Тихо тренькнул звонок калитки. Я неохотно поднялся и пошел открывать. Посыльный, передавая мне тяжелый конверт, попросил расписаться в доставке, и я, подмахнув бланк, пошел в дом, аккуратно отклеивая полоску бумаги. Внутри оказался рекламный проспект в ярких таких, глянцевых тонах, с синим небом, узорчатыми, витыми домами и большим белым кораблем на горизонте.
«Круиз. Черное и Средиземное моря. Турция, Крит, Греция, Италия, Франция, Испания».
И два цветастых, ярких билета на наши имена.

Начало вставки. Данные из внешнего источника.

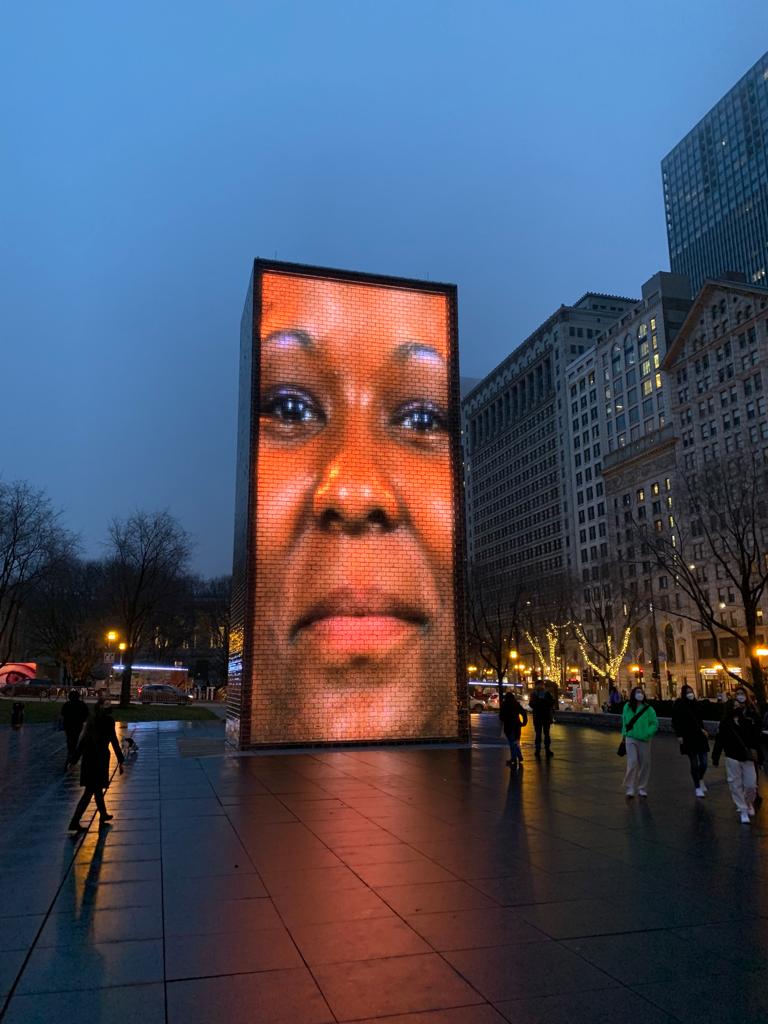 Crown Fountain – ao lado da Cloud Gate, há um espaço formado por duas torres com painéis de LED, uma de frente para outra, que recebem projeções de rostos de diferentes cidadãos da cidade.

И маленький листок за ними, вырванный из органайзера.
«Спасибо. С приветом, Гавриил».
Хип в желтом, солнечно-ярком купальнике устроилась рядом со мной. На верхней палубе, у бассейна, было жарковато, но от стажера повеяло яркой водяной свежестью. Я сидел в шезлонге, раскрыв уже много раз пересмотренный альбом. Это, наверное, я… Пенка как-то разом отошла от палок-огуречиков, и на листе, довольно своеобразно, даже красиво был нарисован портрет. Рисунок ни в коем случае не был умелым, но в нем чувствовалось что-то, что заставляло просматривать альбом снова и снова. А вот и Хип, в профиль, и в ее руках Скарлетт. Похожа… факт, похожа. Многоэтажки Москвы – даже тень есть, прорисована тщательной штриховкой. Проф идет, несет в руке детектор, а вдалеке собаки… Солнце, свет сквозь тучи вечерний, почему-то темно-синим карандашом. И сердце, хорошо, тщательно выведенное, в груди улыбающейся девочки с длинной рукой. Сердце на последней странице альбома. Сердце на память.
И снова подкатило к горлу, и снова небольшой волной пробежалась по синеве испанского неба непрошеная жгучая влага. Скажу Хип, что попало крошкой соли от сильного морского ветра. По крайней мере она мне так вчера говорила, тоже листая альбом Пенки.
Я убрал его в непромокаемый мягкий чехол, застегнул молнию и откинулся в кресле, чувствуя, как греет южное, уже чуть другое солнце. Приятное расслабление потихоньку начало превращаться в сон. Нащупав прохладную ладошку стажера, я глубоко вдохнул и надвинул на закрытые глаза солнечные очки. И тут рука Хип вздрогнула одновременно с моей.